Es soll darauf hingewiesen sein, dass zahlreiche Fragen ungeklärt bei der Anwendung der Regelungen zu den Mehr- und Minderabführungen sind, weshalb insbesondere folgende Aspekte zu Rechtsunsicherheiten trotz gesetzlicher Normierung in § 14 Abs. 4 KStG führen:

  • eine gesetzliche Definition findet sich nur für Mehr- und Minderabführungen in § 14 Abs. 4 Satz 6 KStG, so dass unklar ist, ob diese Definition auch für Mehr- und Minderabführungen aus vororganschaftlicher Zeit nach § 14 Abs. 3 KStG und für die Anwendung des § 27 Abs. 6 KStG bei der Erfassung im Einlagekonto anzuwenden ist;
  • das Ausmaß der Bedeutung von "insbesondere" in § 14 Abs. 4 Satz 6 KStG unklar bleibt und eine erweiterte Anwendung auf andere Sachverhalte möglich erscheint;
  • die Abgrenzung zwischen vororganschaftlich und organschaftlich verursachter Mehr- und Minderabführungen nicht geregelt ist und vollkommen ungeklärt bleibt;
  • Mehr- und MInderabführungen bei mittelbarer Organschaft ungeregelt sind.[2]
 

Rz. 117

Minderabführungen liegen danach insbesondere vor, wenn der an den Organträger handelsrechtlich abgeführte Gewinn niedriger ist als der Steuerbilanzgewinn der Organgesellschaft. Der Unterschiedsbetrag zwischen dem (höheren) Steuerbilanzgewinn und der handelsrechtlichen Gewinnabführung erhöht nach § 27 Abs. 6 KStG das steuerliche Einlagekonto bei der Organgesellschaft, wenn die Ursache der Minderabführung in organschaftlicher Zeit begründet wurde.

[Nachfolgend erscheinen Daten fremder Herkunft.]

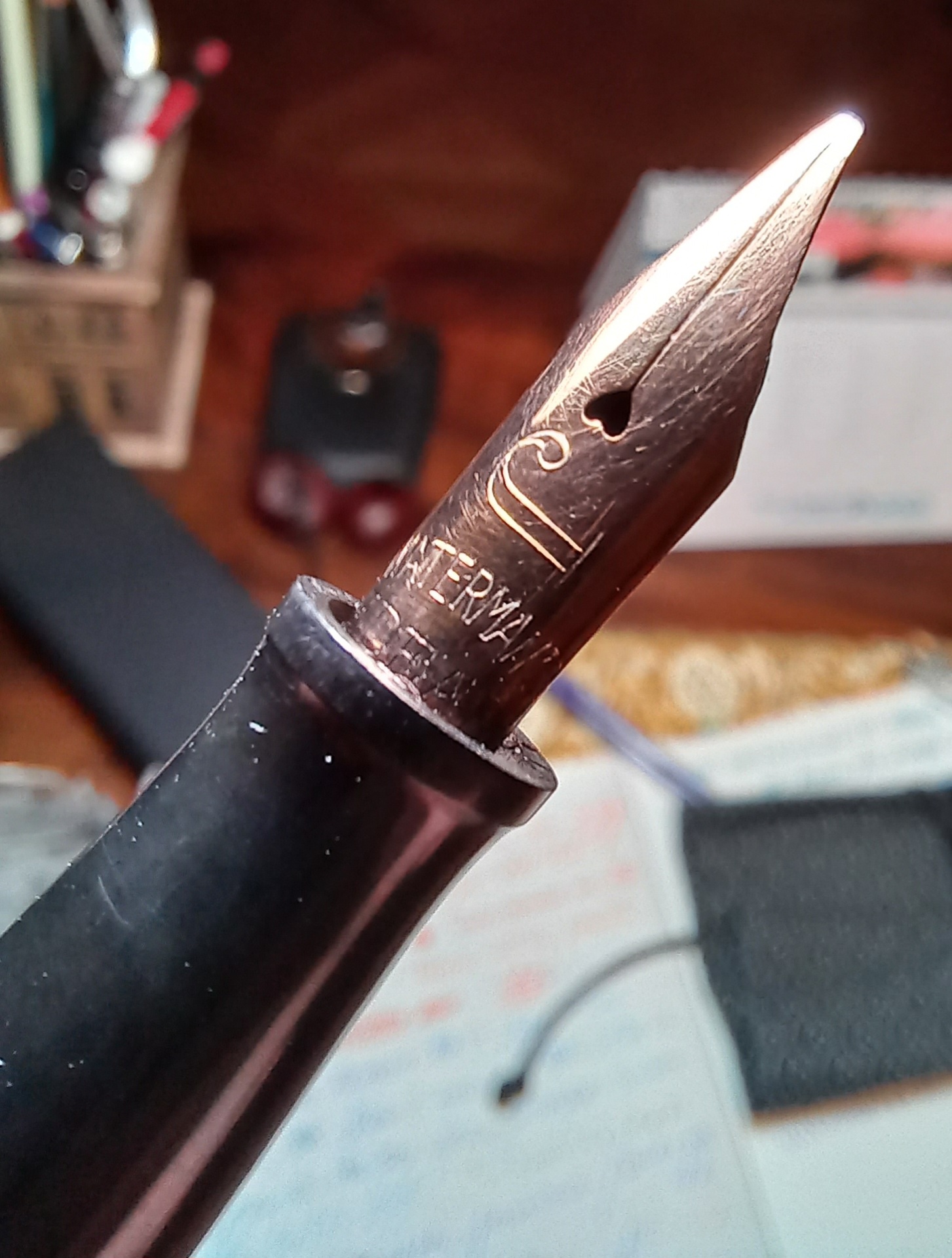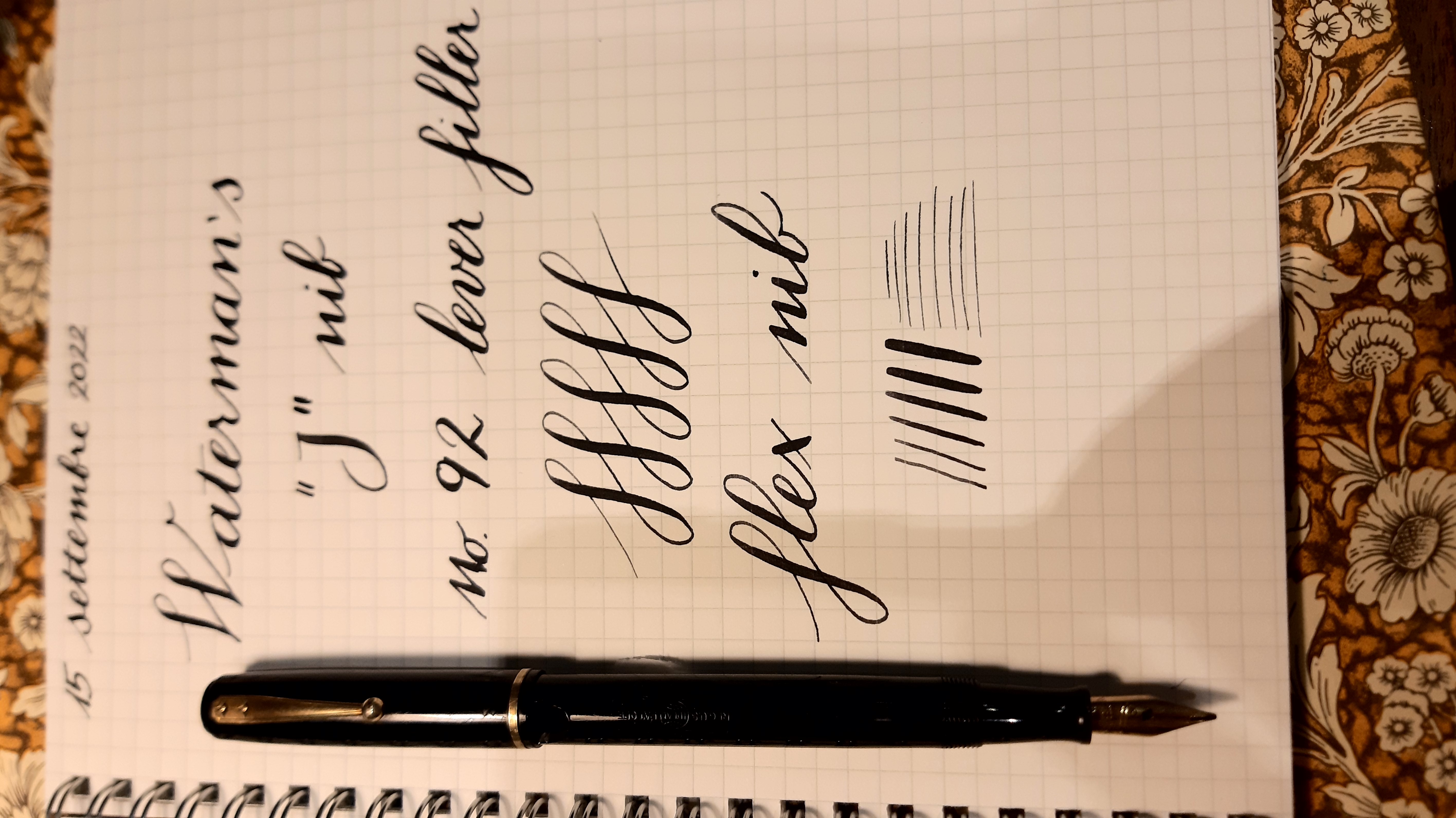 Ho la fortuna di essere incappato in un J nib montato su una Waterman's 92. Purtroppo sono foto di alcuni mesi fa. Devo cercare la penna per maggiori dettagli. Il pennino è fantastico nell'uso, come peraltro molti pennini Waterman dell'epoca. Appena rintraccio il nascondiglio della penna vi fornisco ulteriori dettagli. Da quello che scrissi a settembre 2022 deduco che ne ero entusiasta.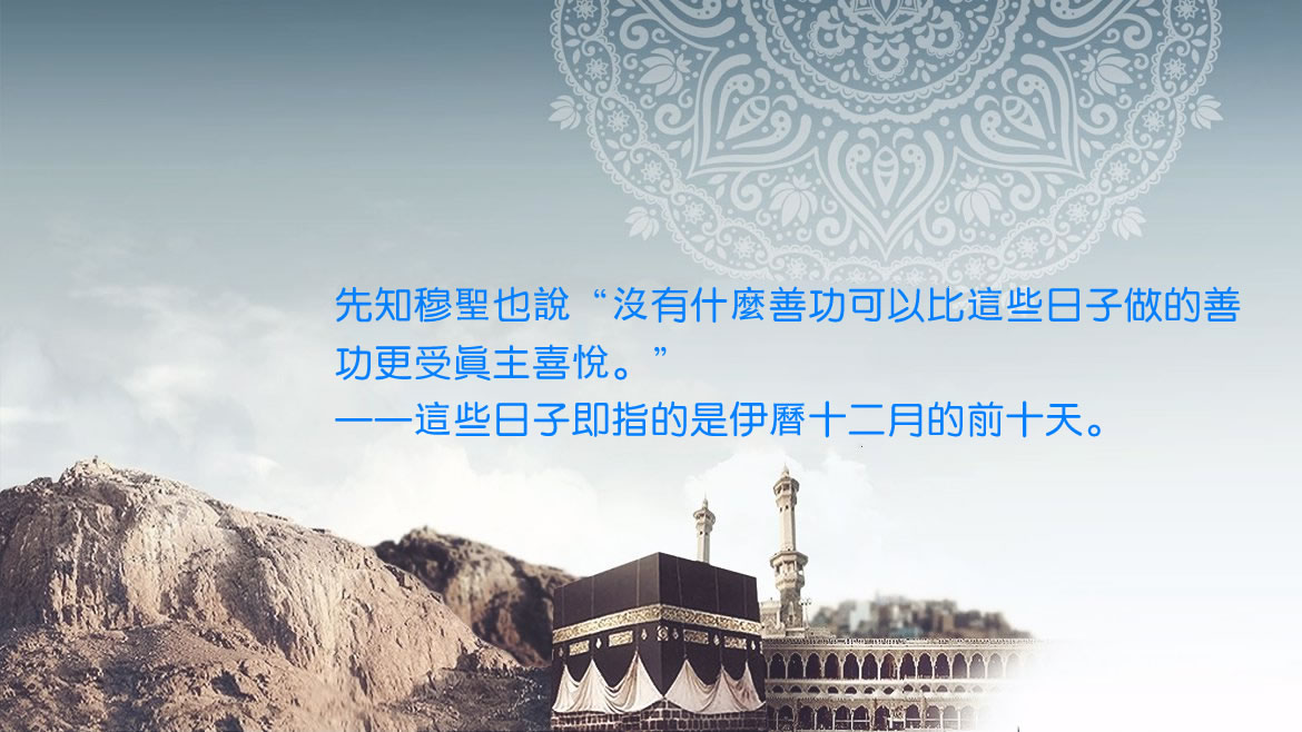 據歐麥爾傳述說,穆聖先知說:“沒有什麼日子內的善功,比起伊曆十月前十天的善功更為真主所喜悅。所以,你們要多贊念真主尊名,多誦念真主至大,多感謝真主!”(艾哈邁德傳述)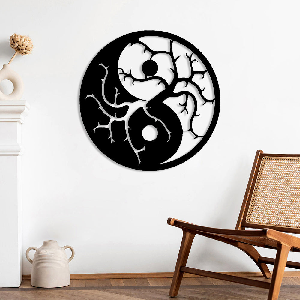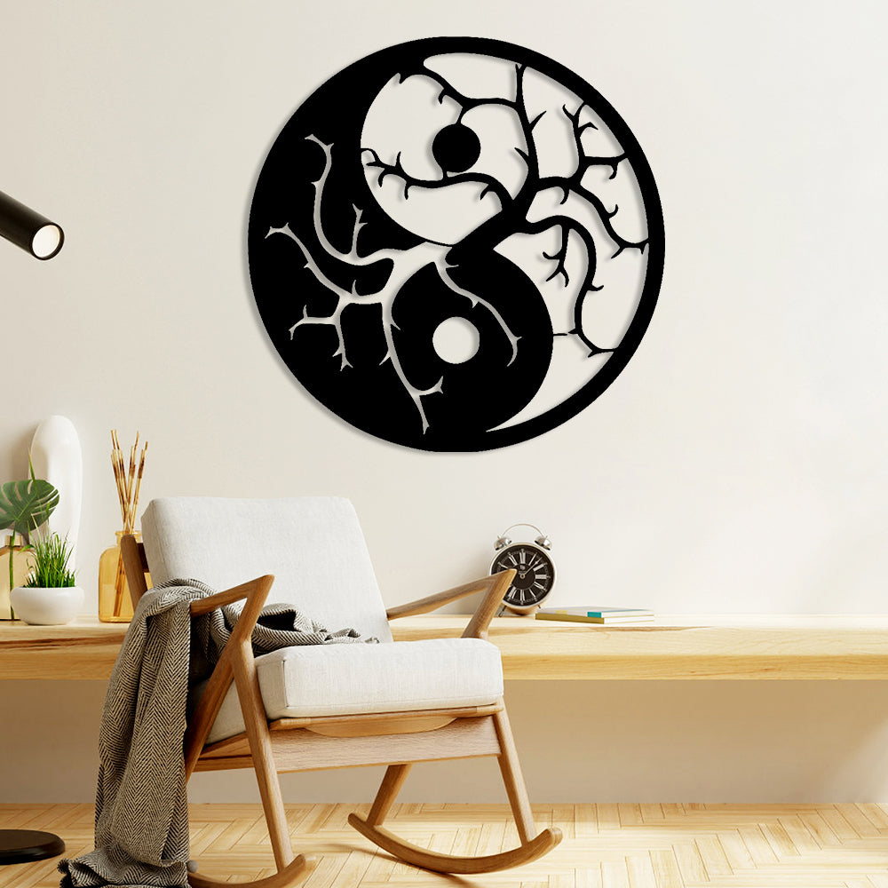 Sun Moon Tai Chi Tree of Life Metal Wall Art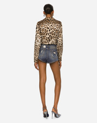 Leopard-print satin shirt: • Shirt collar • Long sleeves • Slim fit • Button fastenings with branded bottom edge • The piece measures 65.5 cm from the rear collar seam on a size IT 40 • The model is 175 cm tall and wears a size IT 40 • Made in Italy The difference in the print placement that you may find on this product is a feature of Dolce&Gabbana’s “Handmade” pieces. A detail that makes every garment or accessory unique and exclusive. Care And Details External composition: 100% Silk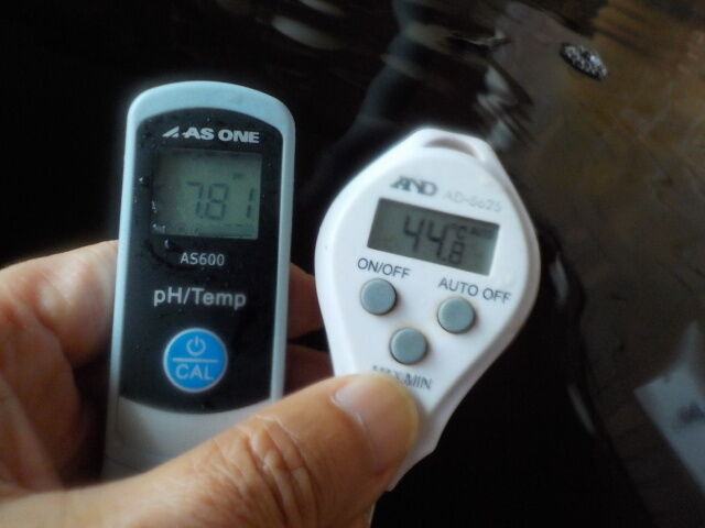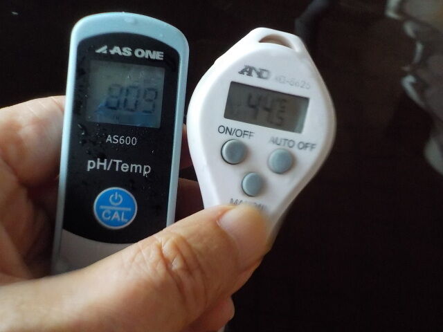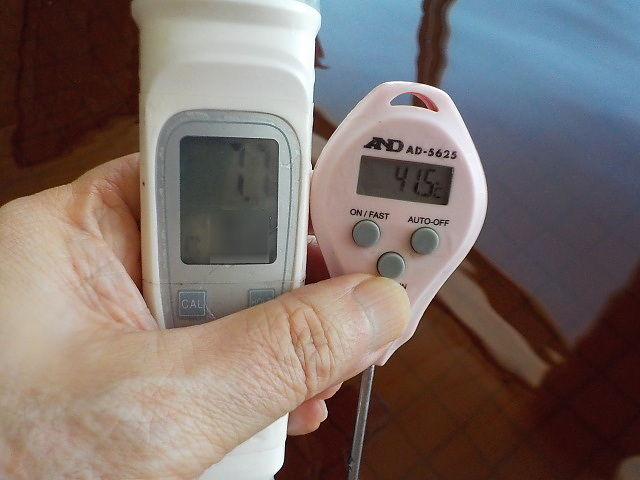 浴槽:温度44.5℃、pH8.09、ORP値は160mvに収束した。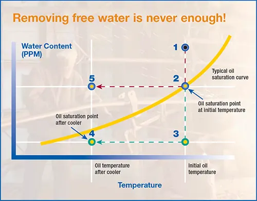 In a typical oil system, temperature swings constantly change the dissolved water content of the oil. At the reservoir location it is critical to remove not only free water, but also a large portion of dissolved water. This is the only way to ensure that free water will not appear when the fluid goes through the cool parts of the system, especially when an oil cooler is used downstream of the reservoir.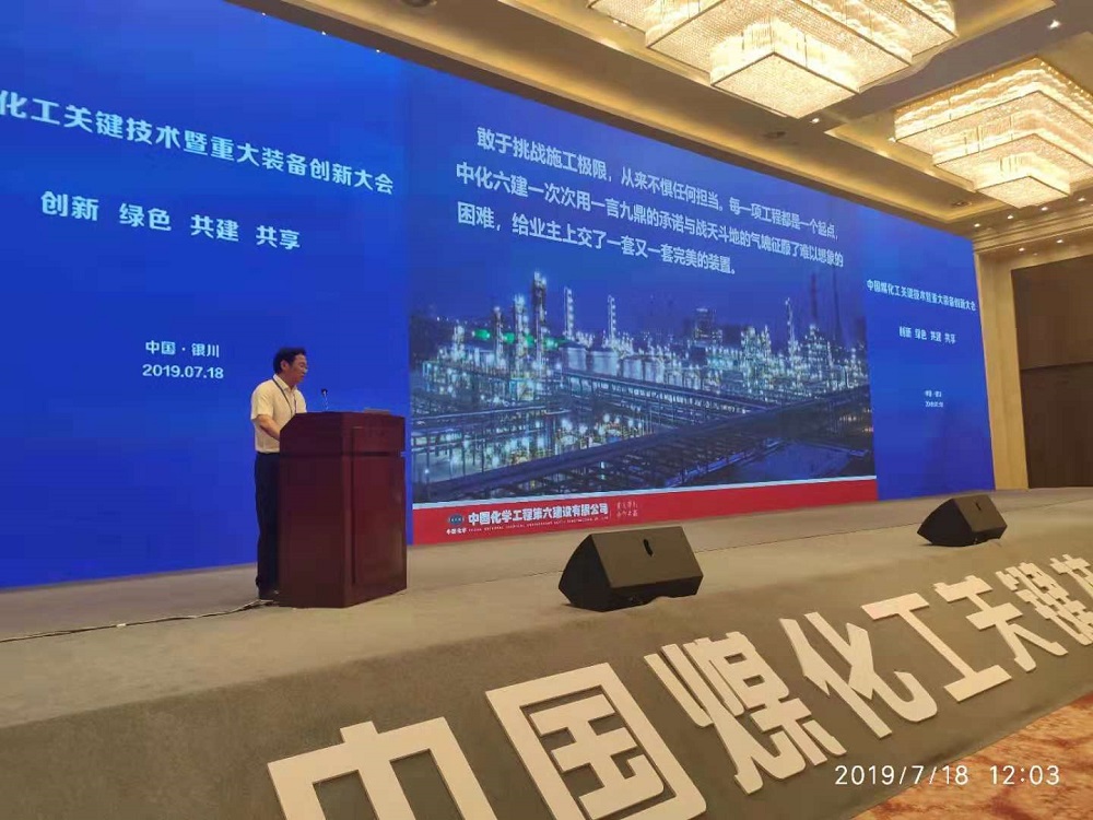 7月18日,在习近平总书记视察神华宁煤煤制油施工现场三周年之际,中国煤化工关键技术暨重大装备创新大会在宁夏银川隆重召开,参加会议的有宁夏回族自治区副主席吴秀章,工程院院士谢克昌、倪维斗、范维澄等。作为煤化工优秀施工单位的代表,公司董事长、总经理胡二甫出席盛会,并做了题为“15年,与宁煤携手同行”的主旨演讲。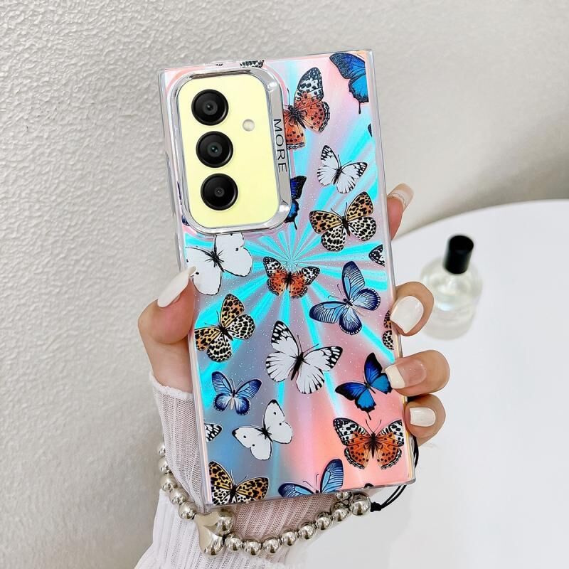 Για Samsung Galaxy A15 5G Electroplating λέιζερ πεταλούδα υπόθεση τηλεφώνου με λουράκι καρπού (χρώμα πεταλούδες AB1)

Eine Minderabführung liegt insbesondere vor, wenn Beträge aus dem Jahresüberschuss bei der Organgesellschaft in die Rücklagen eingestellt werden.

 

Rz. 118

Die Differenz zwischen Ergebnisabführung und zuzurechnendem Einkommen (nicht Steuerbilanzergebnis) kann aus folgenden 2 Gründen resultieren:

  • Die handelsrechtlich abgeführte Vermögensveränderung bzw. Verlustübernahme kann höher oder niedriger sein als die in das Einkommen eingegangene Vermögensänderung nach der Steuerbilanz. Die Differenz resultiert aus der unterschiedlichen Ermittlung des Handels- und Steuerbilanzgewinns und hat ihren Grund im Vermögensbereich der Organgesellschaft (Unterschied Handelsbilanz- und Steuerbilanzergebnis).
  • Die Ermittlung des steuerlichen Einkommens weicht von der handelsrechtlich abgeführten Vermögensveränderung bzw. Verlustübernahme aufgrund von außersteuerbilanziellen Zu- und Abrechnungen ab, die ihre Ursache in der Technik der Einkommensermittlung hat. Diese Zu- und Abrechnungen gehören weder zum Handels- noch zum Steuerbilanzgewinn und führen daher nicht zu einem Unterschied zwischen Handels- und Steuerbilanz (außerbilanzielle Korrekturen der Einkommensermittlung).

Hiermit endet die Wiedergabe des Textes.